Texte et sexe riment ensemble ; la conjonction des deux se réalise dans une langue puissante, exigeante et ardue, que certains pourront trouver trop solennelle et froide. C’est que cet Arrière-fond n’est pas le récit de jolis et attendrissants émois adolescents, mais davantage le récit d’une construction poétique, qui n’est pas exempte de trouble, d’inquiétude et de violence. Un certain sentiment mystique n’est jamais loin ; plus que quelques canailleries espiègles, c’est d’un érotisme grave, intense et essentiel dont il est question ici. On pense à Georges Bataille, Antonin Artaud, Jean Genet bien sûr, ou plus près de nous, contemporains de Guyotat, Claude Louis-Combet et Jacques Chessex. Néanmoins, à ceux que de telles références risqueraient d’effrayer, il faudrait ajouter que l’écrivain utilise – comme à son habitude – le présent de l’indicatif, qui rend avec une extraordinaire précision, presque en temps réel, cet «arrière-fond» psychique et physique.
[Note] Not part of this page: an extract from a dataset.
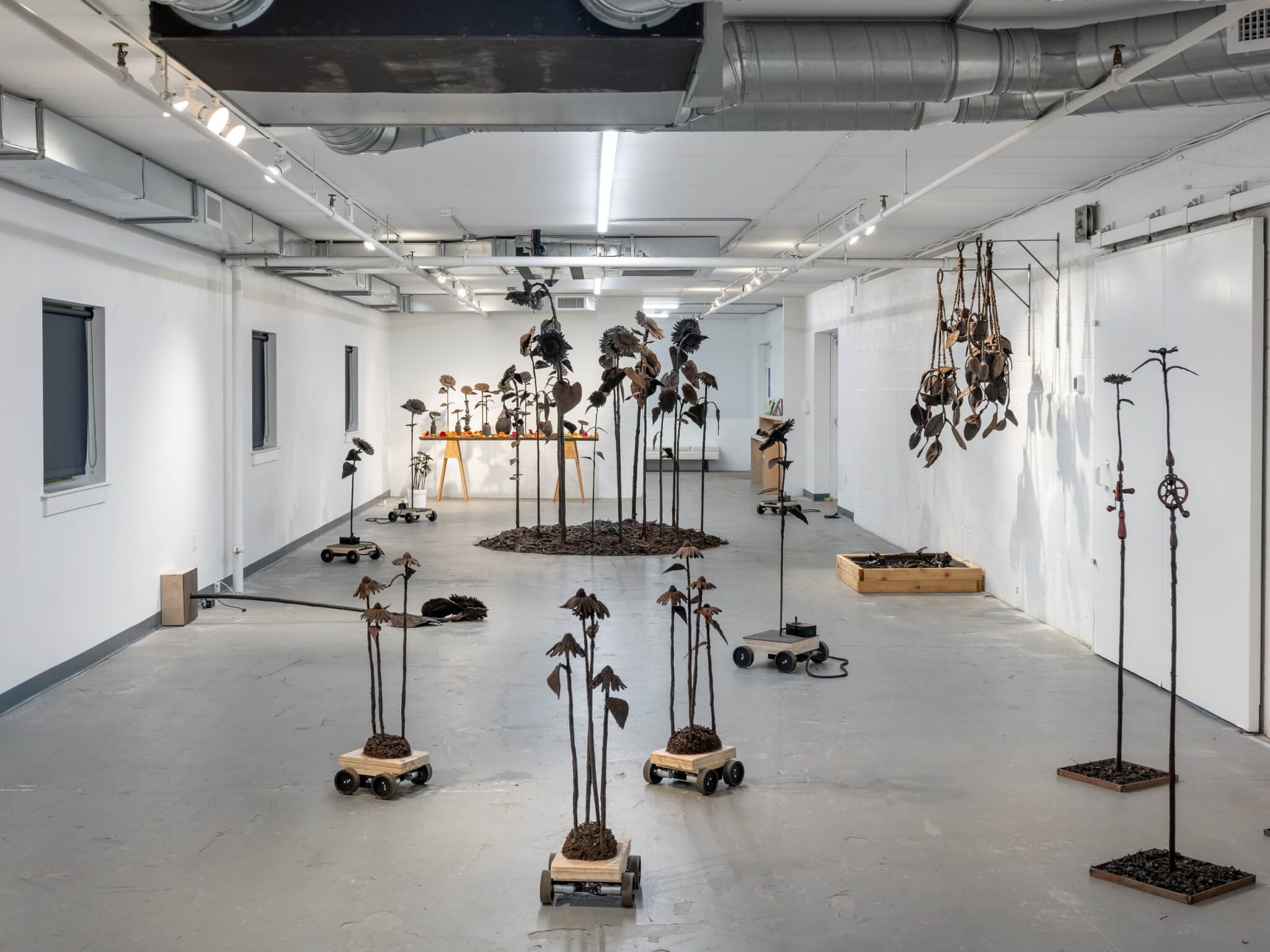 With charm and wit, Tory Fair’s “Protest Flowers” turns the gallery into a field of unexpected contradictions. Fair’s kinetic sculptures are rubber-cast sunflowers laced with dirt that perform a series of strange choreographies. Peeking out from boots, towering over ten feet high, or attached to tiny carts, the silicone flower sculptures protest their own obscure artificiality while performing their floral ornament duties. Some tremble on the floor in slow spirals, some are cheeky and mobile, others respond to remote controls guided by visitors. Fair situates her work within a canon of ecofeminist artists who employ abstraction, land interventions, and performance to call attention to the state of the planet while fostering moments of connection, humor, and reflection. —Jameson Johnson

En relatant ces troubles sexuels et identitaires, le livre de Guyotat est donc également un éloge de la création littéraire, de la fiction et des pouvoirs du langage.

L’ampleur d’Arrière-fond intimide ; il est fort possible de passer à côté, attiré par des textes plus légers et accessibles ; néanmoins, ce serait manquer ce qui va sans doute devenir avec le temps un texte majeur, à l’ambition réflexive et poétique peu commune.